Rep. Lee Zeldin (R-Shirley) on Oct. 3.

Rep. Lee Zeldin (R-Shirley) on Oct. 3. Credit: EPA / Erik Lesser

Daily Point

Why Zeldin opted out

There was a name missing from the 45 co-sponsors Rep. Tom Suozzi had amassed by Thursday on his bill to restore the state and local tax (SALT) deduction: Rep. Lee Zeldin. 

The SALT deduction was key for taxpayers in high-tax locations like Long Island, and the rest of the Long Island delegation signed on. 

The bill even got a nod from western New York Rep. Tom Reed, a Republican and Suozzi’s fellow Problem Solvers Caucus member who supported the original 2017 tax overhaul but who on Wednesday voted to advance Suozzi’s bill out of the Ways and Means Committee. 

Suozzi says he asked Zeldin to support the bill, but the Shirley Republican didn’t join. 

Zeldin’s Democratic primary opponents Perry Gershon, Nancy Goroff, and Bridget Fleming all took note, via statement or tweet or both. 

Katie Vincentz, a Zeldin spokeswoman, said Thursday that the congressman’s issue with the Suozzi bill is that it would permanently raise the 37% top individual tax rate (currently for individual taxpayers with incomes greater than $518,400) back to 39.6%, the level it was before the 2017 tax bill lowered it. Meanwhile, the deduction change would only last through 2021. 

For some Democrats, that may be fine: it’s the length of time before a new potential president or Senate, at which point a more complete overhaul could be done. And the top earners whose individual tax rate would be going back up had been getting a deal with the 2017 bill.

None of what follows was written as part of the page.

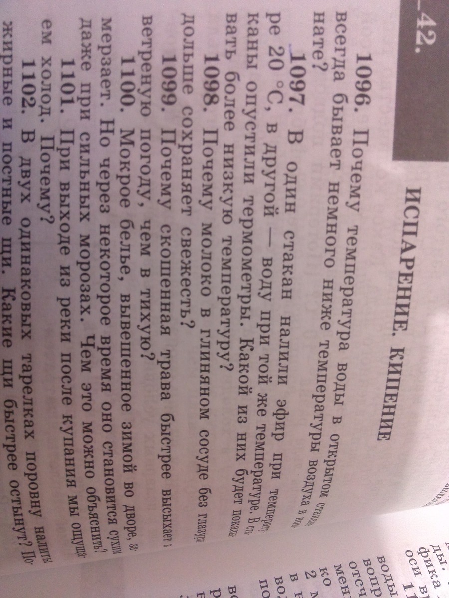 В силу различия удельной теплоемкости и удельной теплоты парообразования испарение одной единицы массы воды должно вызвать большее охлаждение жидкости, чем испарение одной единицы массы эфира. Но интенсивность испарения эфира в несколько раз выше интенсивности испарения воды. В итоге более низкую температуру будет показывать термометр, опущенный в эфир.

Zeldin earlier this year worked on his own bill with New Jersey Rep. Josh Gottheimer to address the loss of the SALT deduction, one which would close loopholes in the law and not change the individual tax rate. But that bill didn’t garner any other co-sponsors and has languished in the House. 

There’s plenty of politics here. Zeldin appears focused on the top tax rate and not wanting to be seen among supporters as making it go up. 

Opponents see a Trump connection — like Gershon, who says in a statement that Zeldin is a “cheerleader” for the president, asking whether Zeldin is “too busy being hyper-partisan” to work on this issue? 

Suozzi, for his part, would likely have more trouble with his bill in the Republican-controlled Senate; a workaround effort by Minority Leader Chuck Schumer was blocked by the GOP earlier this year. 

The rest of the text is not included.